Only the lines from the one with "Introducing a stunning" through the last line of the data below are to be duplicated, exactly and without pictures.

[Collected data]
───
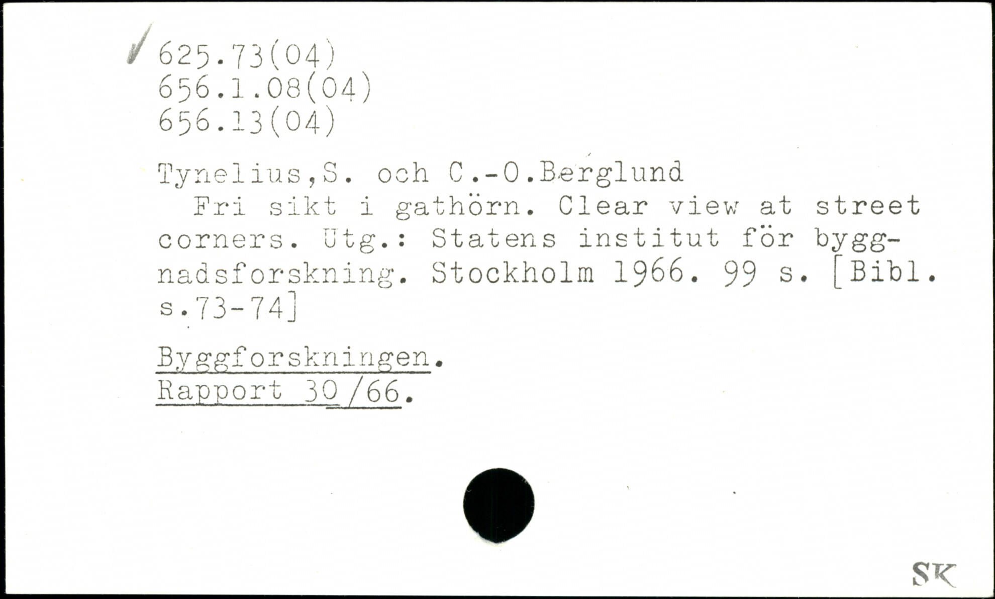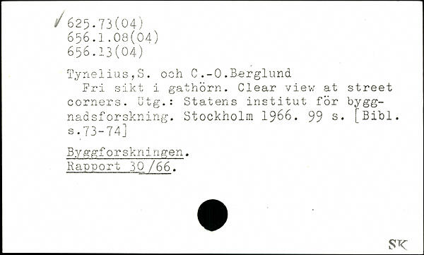 Tynelius,S. och C .-0.Berglund Fri sikt i gathörn. Clear view at Street corners. Utg.: Statens institut för byggnadsforskning.
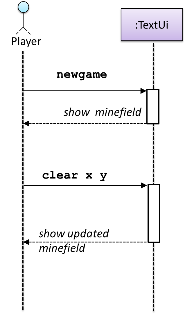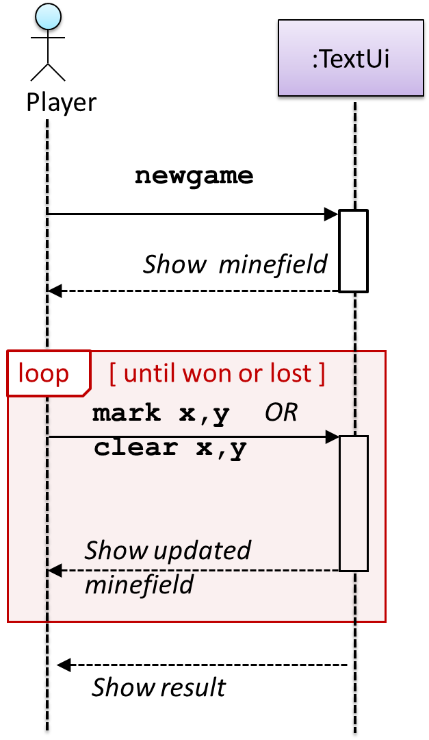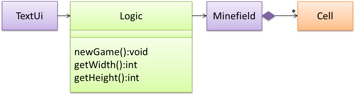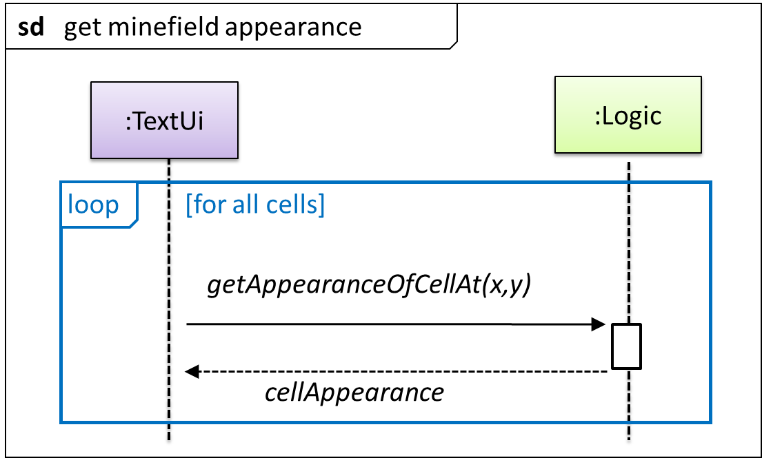 The above diagram assumes that W and H are the only information TextUi requires to display the minefield to the Player. Note that there could be other ways of doing this.
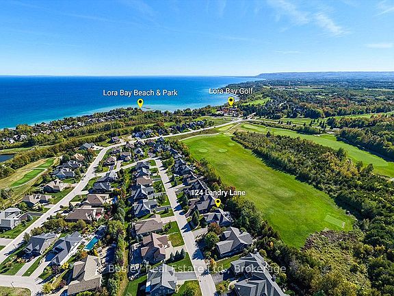 Introducing a stunning 5-bedroom custom residence by renowned builder Dezign2000, perfectly situated in the exclusive Lora Bay community. Backing onto the driving range and surrounded by mature trees and landscaped gardens, this home offers luxurious seclusion and refined living. Inside, wide-plank oak floors, soaring ceilings, and timeless design set the tone. The gourmet kitchen features white shaker cabinetry, granite counters, gas cooktop, and walkout to a private terrace. The great room impresses with vaulted ceilings, custom built-ins, and a dramatic gas fireplace. The main-floor primary suite is a tranquil retreat with garden access, walk-in closet, and a spa-like ensuite with heated floors, soaker tub, and glass shower. A formal dining room (or office), powder room, laundry with garage access, and oversized double garage complete the main level.Upstairs offers two guest bedrooms, a sitting area, and a beautifully appointed bathroom. The finished lower level expands your space with two more bedrooms, a den, spacious rec. room, bathroom with heated floors, large storage room, and cold cellar. Additional features include a built-in home audio system (ceiling and in-wall speakers, home audio connection), whole-house air purification system, brand-new furnace (March 2025). The exterior was fully painted in 2023.Outdoors, enjoy stone pathways, lush perennial gardens, and a private patio oasis. Just a short walk to the beautiful Georgian Trail system and minutes from Thornbury. Lora Bay residents enjoy two private beaches, championship golf, members lodge, dining, and curated social events. Indulge in a four season lifestyle that's sure to impress. Community fees (GCECC): $2,280/year.
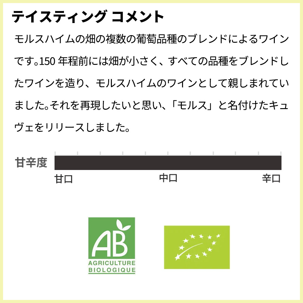 【商品名】アルザス・モルス・ブラン[2022]年・蔵出し作品・ドメーヌ・ブレル元詰(七代目・ジュリアン・ブレル家)・AOCアルザス・ブラン・年産わずか・モルスハイム村のピノブラン種主体に複数のブドウ品種・自然派・有機認証(AB認証&ユーロリーフ認証)・「メイユール・ヴァン・ド・フランス 2025年版星付★」で驚異の91点
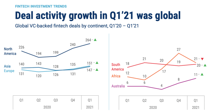 So no continent was a slouch, really, in the quarter. The disparity in results, however, is blunt. North America, home to the robust U.S. venture capital scene, saw 264 fintech rounds in the first quarter of 2021. Asia and Europe managed around 300 as a pair, effectively tying in the period at around 150 apiece.
───
** Result of the task **
 Introducing a stunning 5-bedroom custom residence by renowned builder Dezign2000, perfectly situated in the exclusive Lora Bay community. Backing onto the driving range and surrounded by mature trees and landscaped gardens, this home offers luxurious seclusion and refined living. Inside, wide-plank oak floors, soaring ceilings, and timeless design set the tone. The gourmet kitchen features white shaker cabinetry, granite counters, gas cooktop, and walkout to a private terrace. The great room impresses with vaulted ceilings, custom built-ins, and a dramatic gas fireplace. The main-floor primary suite is a tranquil retreat with garden access, walk-in closet, and a spa-like ensuite with heated floors, soaker tub, and glass shower. A formal dining room (or office), powder room, laundry with garage access, and oversized double garage complete the main level.Upstairs offers two guest bedrooms, a sitting area, and a beautifully appointed bathroom. The finished lower level expands your space with two more bedrooms, a den, spacious rec. room, bathroom with heated floors, large storage room, and cold cellar. Additional features include a built-in home audio system (ceiling and in-wall speakers, home audio connection), whole-house air purification system, brand-new furnace (March 2025). The exterior was fully painted in 2023.Outdoors, enjoy stone pathways, lush perennial gardens, and a private patio oasis. Just a short walk to the beautiful Georgian Trail system and minutes from Thornbury. Lora Bay residents enjoy two private beaches, championship golf, members lodge, dining, and curated social events. Indulge in a four season lifestyle that's sure to impress. Community fees (GCECC): $2,280/year.
 【商品名】アルザス・モルス・ブラン[2022]年・蔵出し作品・ドメーヌ・ブレル元詰(七代目・ジュリアン・ブレル家)・AOCアルザス・ブラン・年産わずか・モルスハイム村のピノブラン種主体に複数のブドウ品種・自然派・有機認証(AB認証&ユーロリーフ認証)・「メイユール・ヴァン・ド・フランス 2025年版星付★」で驚異の91点
 So no continent was a slouch, really, in the quarter. The disparity in results, however, is blunt. North America, home to the robust U.S. venture capital scene, saw 264 fintech rounds in the first quarter of 2021. Asia and Europe managed around 300 as a pair, effectively tying in the period at around 150 apiece.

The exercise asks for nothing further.